Книга Воспоминания, страница 39. Автор книги Юрий Мамлеев

Разделитель для чтения книг в онлайн библиотеке

Онлайн книга «Воспоминания»

Cтраница 39

Эти люди производили благоприятное впечатление. Особенно нам понравились отец Марешаль, француз, отец Андрей – самый близкий к русским, потому что он был наполовину русский, если я не ошибаюсь, – и отец Алексей. Другие отцы, впрочем, тоже оказались весьма приятными людьми. Возглавлял же всё отец Игорь, очень серьёзный немец.

В своих действиях иезуиты были очень лояльны – никакой русофобии. У них был скорее изучающий подход, и они никому не навязывали своих идей. Была церковь, в которой богослужения совершались по православному обряду, но она принадлежала к Ватикану. Сами священники давали преподавателям возможность совершенно свободно говорить на такие сложные темы, как Толстой, Достоевский и прочие. Кроме того, за обедом каждый преподаватель сидел в окружении своих студентов, и они разговаривали между собой по-русски – это было такое свободное и непринуждённое обучение русскому языку.

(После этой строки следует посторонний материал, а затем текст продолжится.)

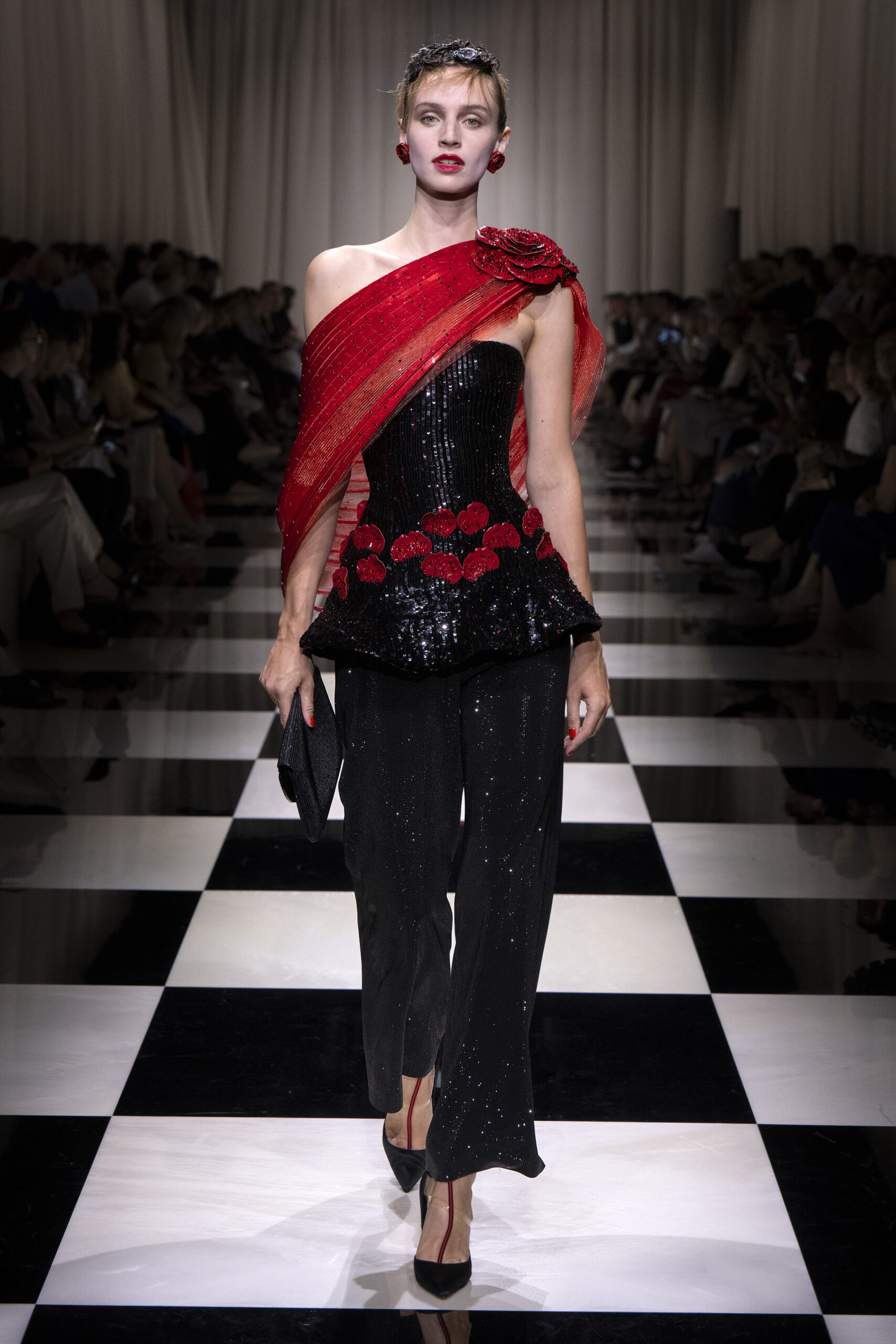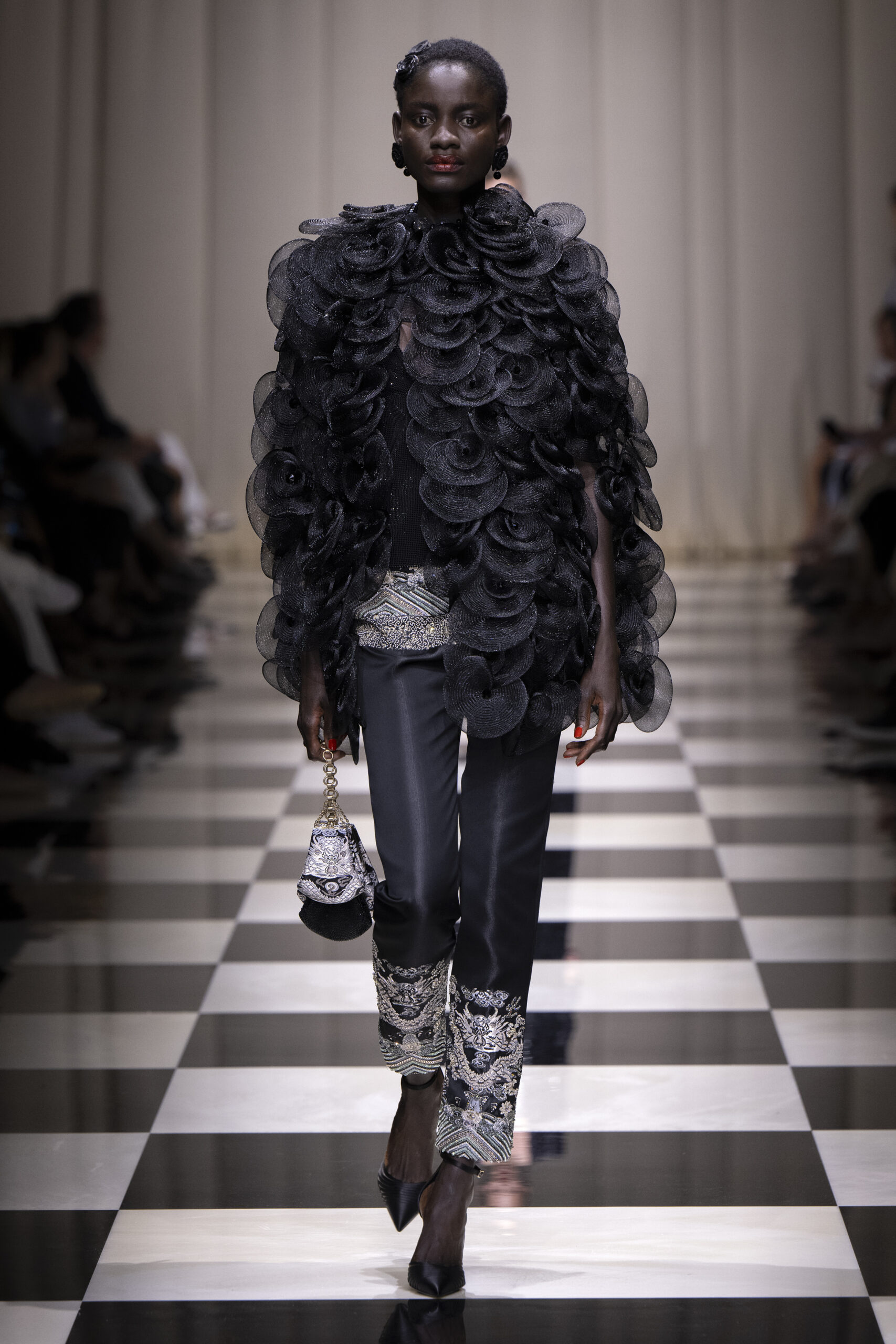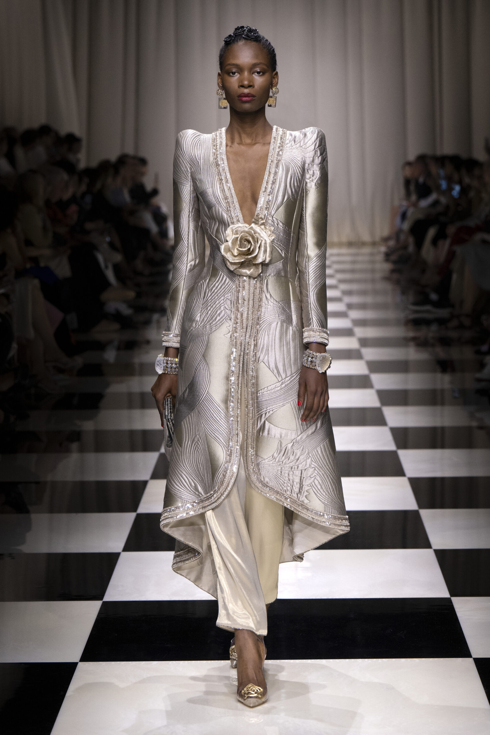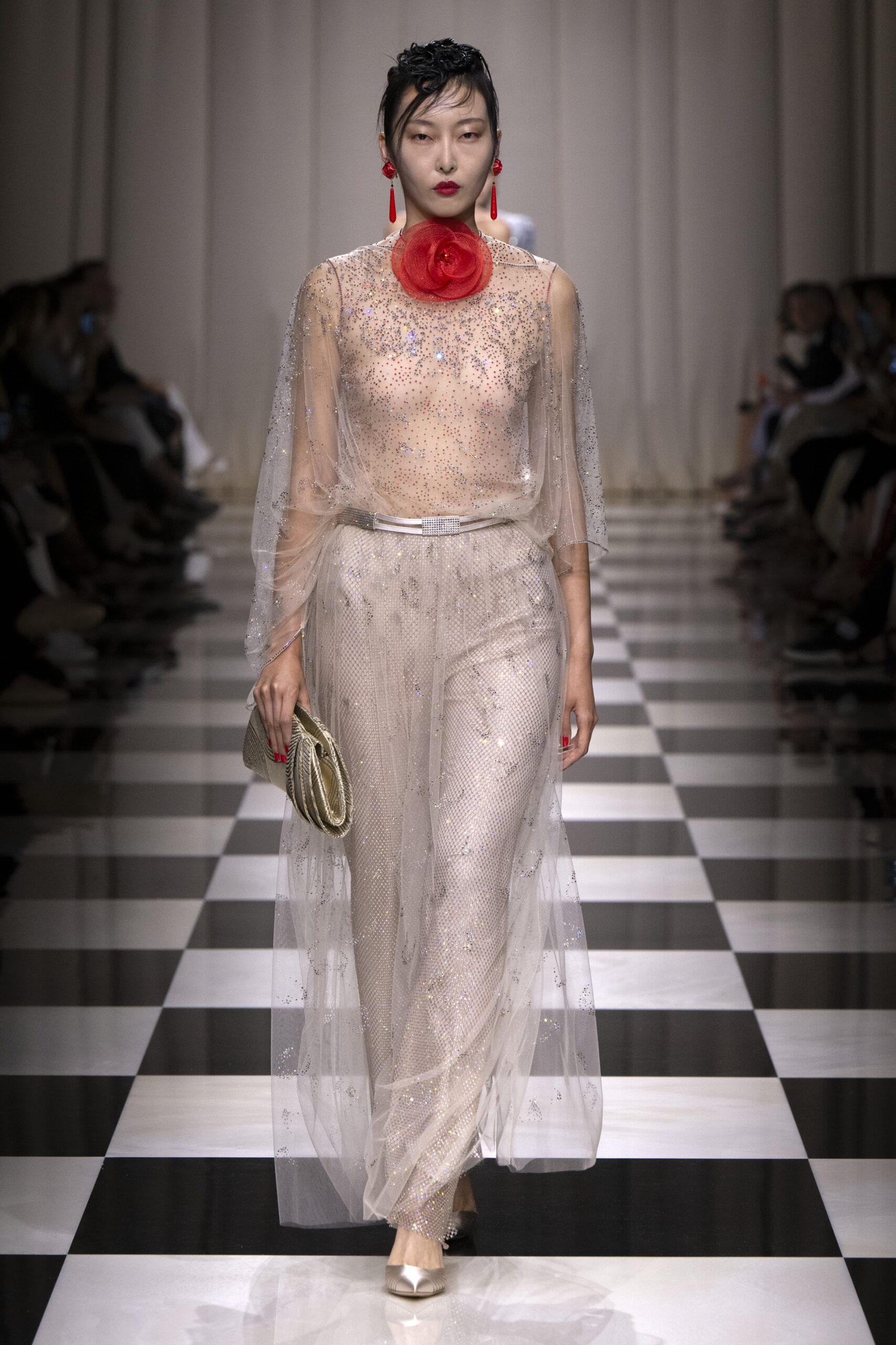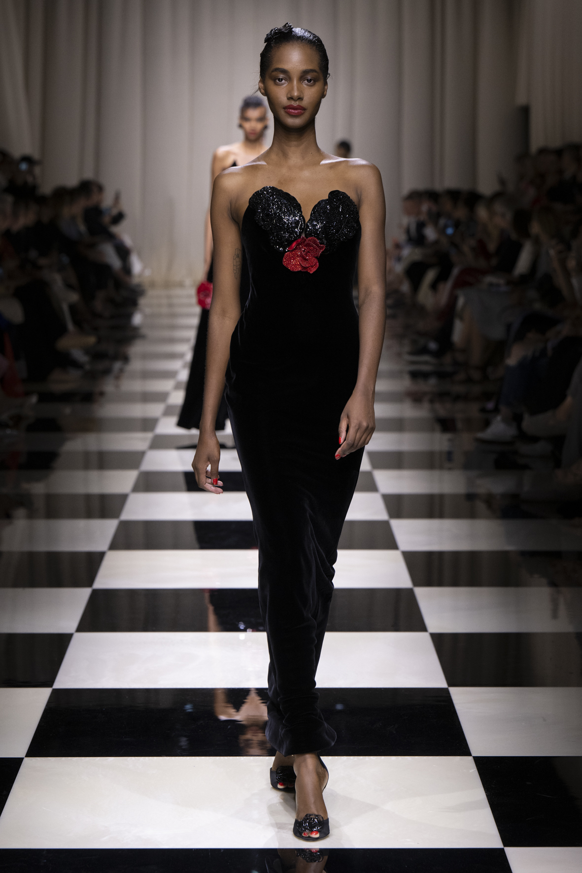 Une charnelle, séduisante et mystérieuse éclosion de roses rouges. Des roses laquées, brillantes, embossées d’un motif graphique noir aux accents dorés brillants. Un voyage de l’occident à l’orient à travers des silhouettes allongées, pour une collection revisitant, sans cliché romantique, la fleur la plus emblématique qui soit.

Иезуиты были отлично осведомлены о жизни в эмиграции и, в общем, держались дружественно и лояльно, без негатива. Жизнь и мысль текли тут свободно. Я думаю, они просто хотели понять, кто такие русские, как они мыслят и насколько глубоки их религиозные воззрения. И одновременно это был профессиональный институт, который обучал русскому языку и литературе.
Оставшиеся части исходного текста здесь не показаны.